Dilbireen’s parents submitted new applications to the US consulate in Erbil, Iraq, but when they arrived at the consulate for an appointment last week, they were refused entry. Then, this week, they were granted their visas.
“His mom, Flosa, and his father, Ajeel, and his baby brother, Trump, were granted their visas at the US consulate in Erbil, and they did walk out yesterday with visas actually stamped in their passports,” LaStaiti said Monday.
All three visas for Muhsin, Khalaf and baby Trump have been approved, a spokeswoman for Sen. Debbie Stabenow’s office said Monday.
The Michigan Democrat’s office confirmed that it received information from the State Department that the visas were approved this week.
Meanwhile, Kejjan, a paramedic and pilot in Michigan who is also Yazidi, is continuing to care for Dilbireen until his family arrives in the US.
“If he was older, he would definitely say, ‘I want my parents, my mom and dad.’ He’s so young, and he doesn’t understand,” Kejjan said in an exclusive interview with CNN Chief Medical Correspondent Sanjay Gupta two weeks ago.
‘It takes a village’
LaStaiti, the film producer, and Becker, founder of Road to Peace, both said that they are grateful for Kejjan and many others who have helped Dilbireen along this journey.
“This experience has definitely been bigger than any one person.

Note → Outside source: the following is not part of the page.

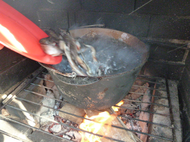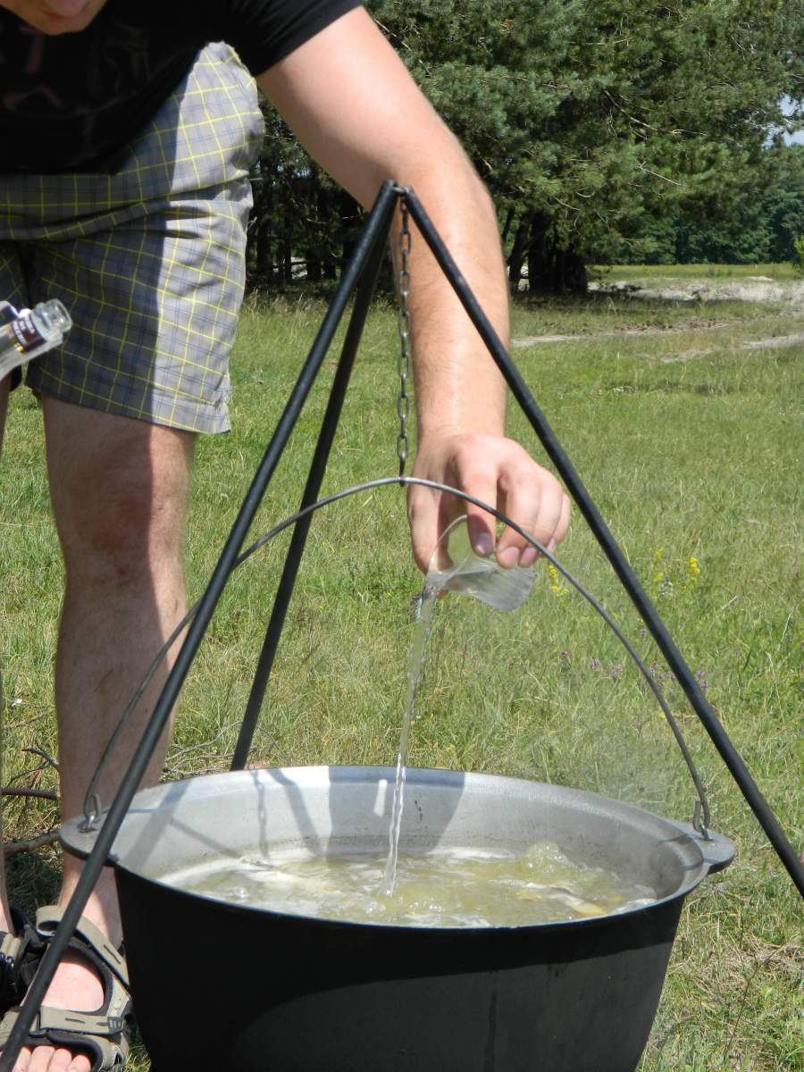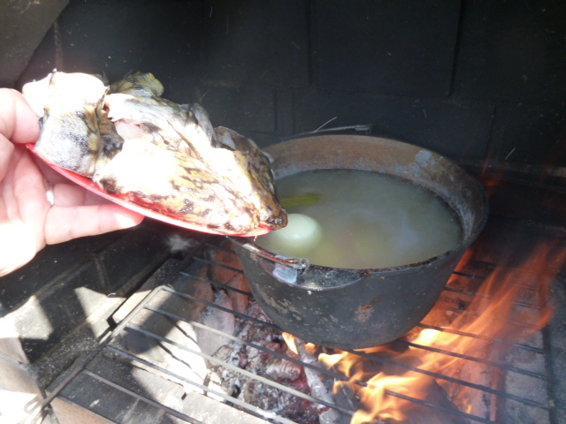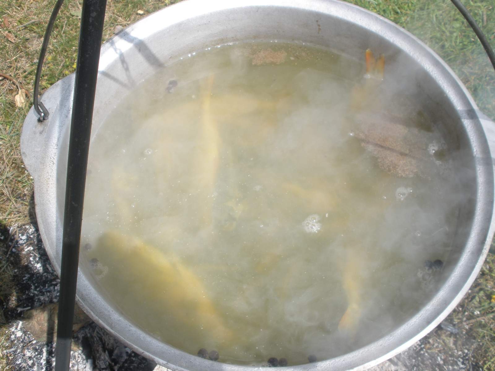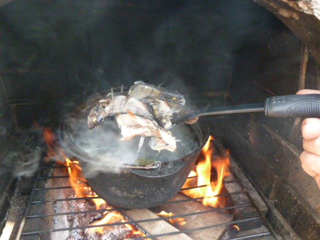 ФОТО 6 Туди нарізану кружальцями моркву та дрібно насічуну петрушку ФОТО 7 Коли риба майже готова вливаємо 100 грам горілки ФОТО 8 Фінальний штрих перед подачею до столу - гасим березове поліно ФОТО 9 В кінці після приготування юшки залишився жар, на якому приготували замариновану скумбрію, яка після 15 хвилин проведених над жаром радувала нас своїми золотисто - засмаглими боками.
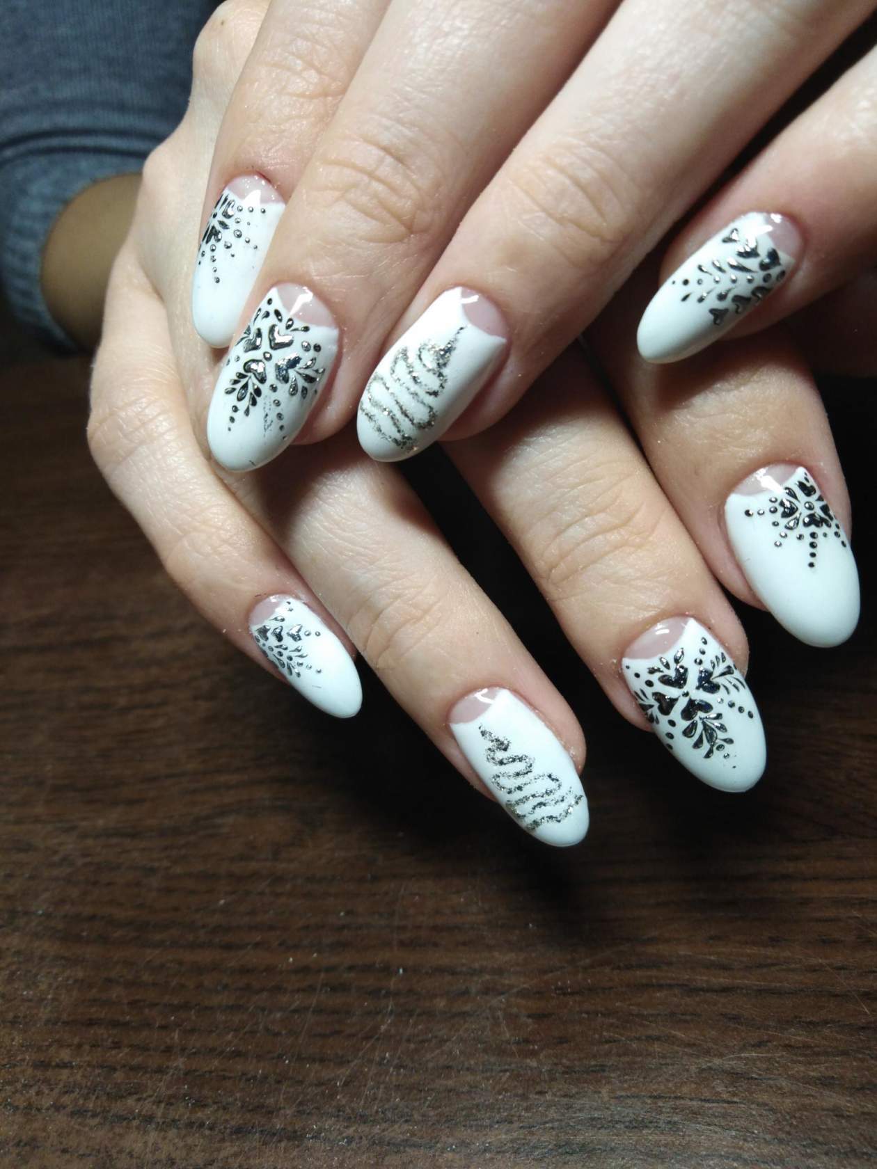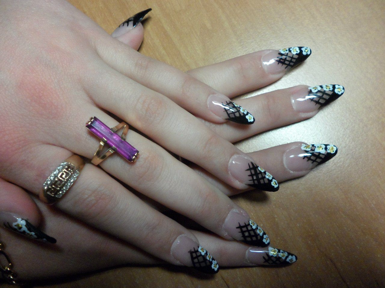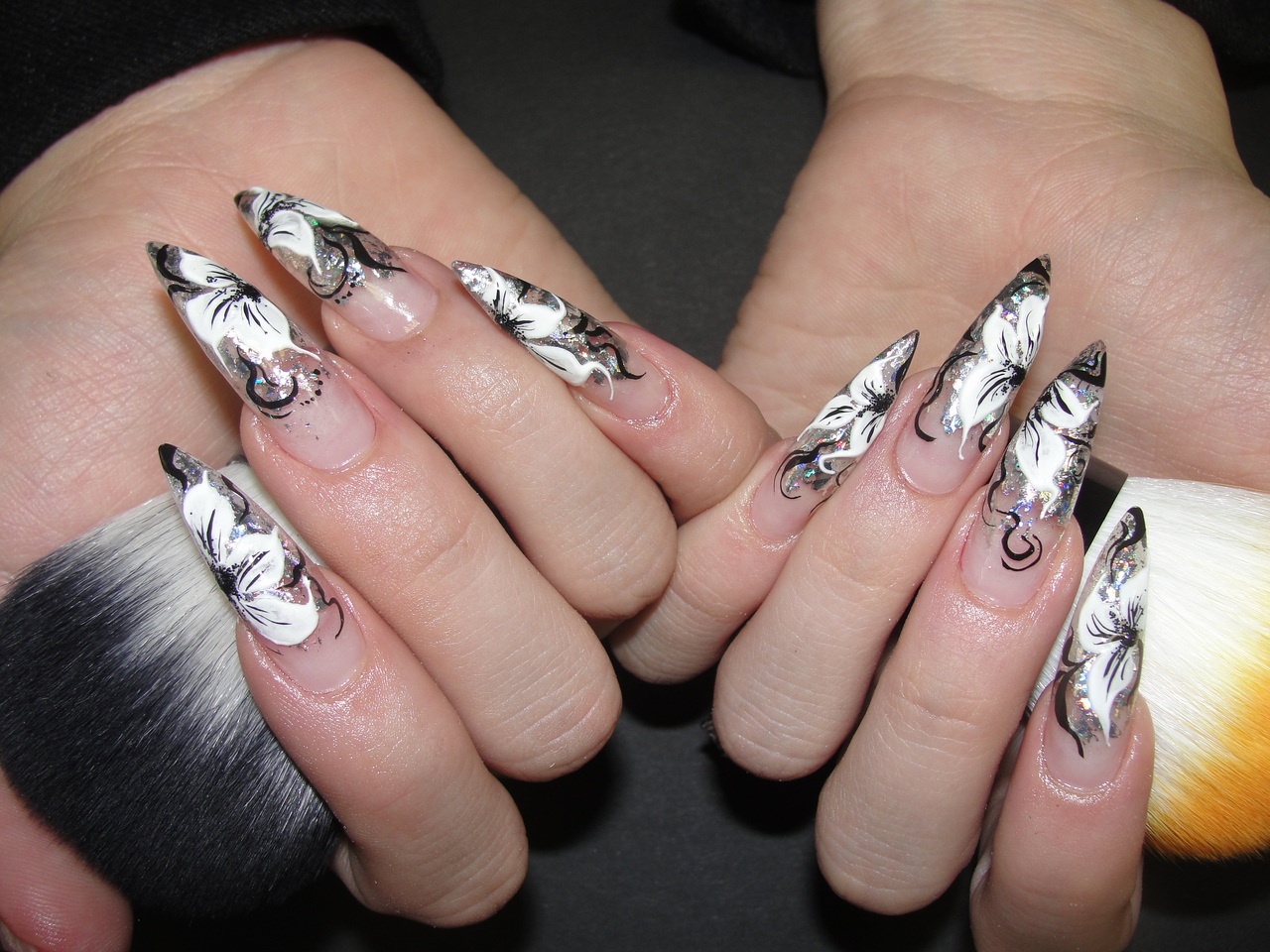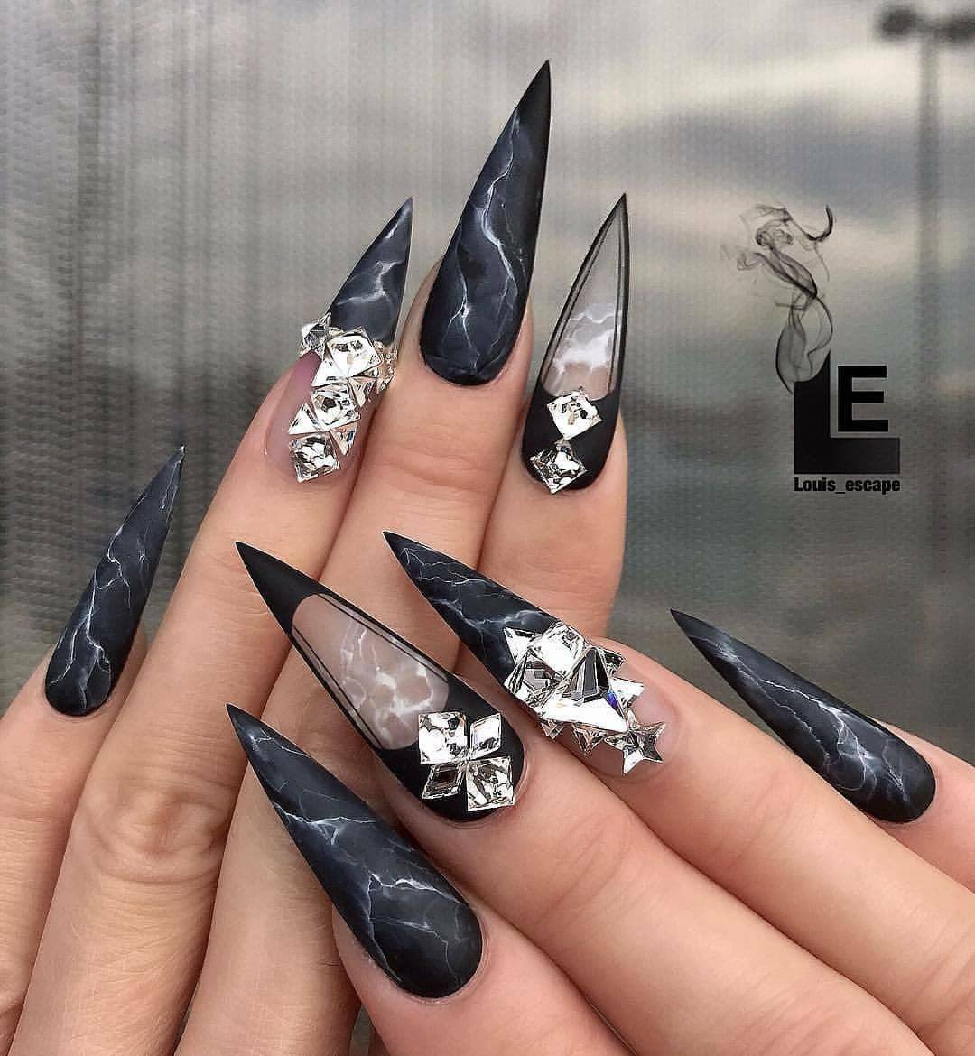 Toutes les femmes ne préfèrent pas la forme aiguë des ongles. Considéré comme peu pratique et peu pratique, il occupe tout de même une position de leader dans le monde de la mode. Les clous pointus ont leurs fans qui admirent leurs ongles et créent leur design inhabituel. Pour souligner et souligner cette forme, les maîtres de salon suggèrent d’utiliser une veste française noire et blanche. Ces soucis avec une bande blanche au-dessous du milieu de la plaque ont l’air très extravagant. En outre, de minces sourires blancs sur le bord ou un large sourire presque au milieu de l'ongle, en forme d'arc, sont considérés comme une excellente option. Les peintures ajourées, divers éléments décoratifs dans une application discrète, soulignent habilement le point culminant de votre manucure.

It’s fair to use that expression, it takes a village,” LaStaiti said.
“I hope we can create a sustainable model so that resources are readily available for these children in need,” he said. “I hope that now that we have made these contacts and connections on both the fund-raising side and on the hospital side, it will be easier to place kids as we identify them.”
It cost about $15,000 and involved dozens of people to arrange treatment for Dilbireen and reunite him with his family, Becker said.
“I have been doing this since 1993, when I found injured kids in the besieged city of Mostar. Back then, it was Christians and Muslims. Now, it’s the Yazidis,” she said. “Race or religion is irrelevant to me. These are innocent victims of a war not of their making and beyond their understanding.”
Many other refugee children in Iraq are in need of specialized medical attention, said Becker, who has identified about 87.
Becker said she is working with local partners, the Heraion Foundation, to open a children’s hospital in northern Iraq so children will no longer need to travel around the world for specialized medical attention.
Becker said her inspiration comes from children like Dilbireen.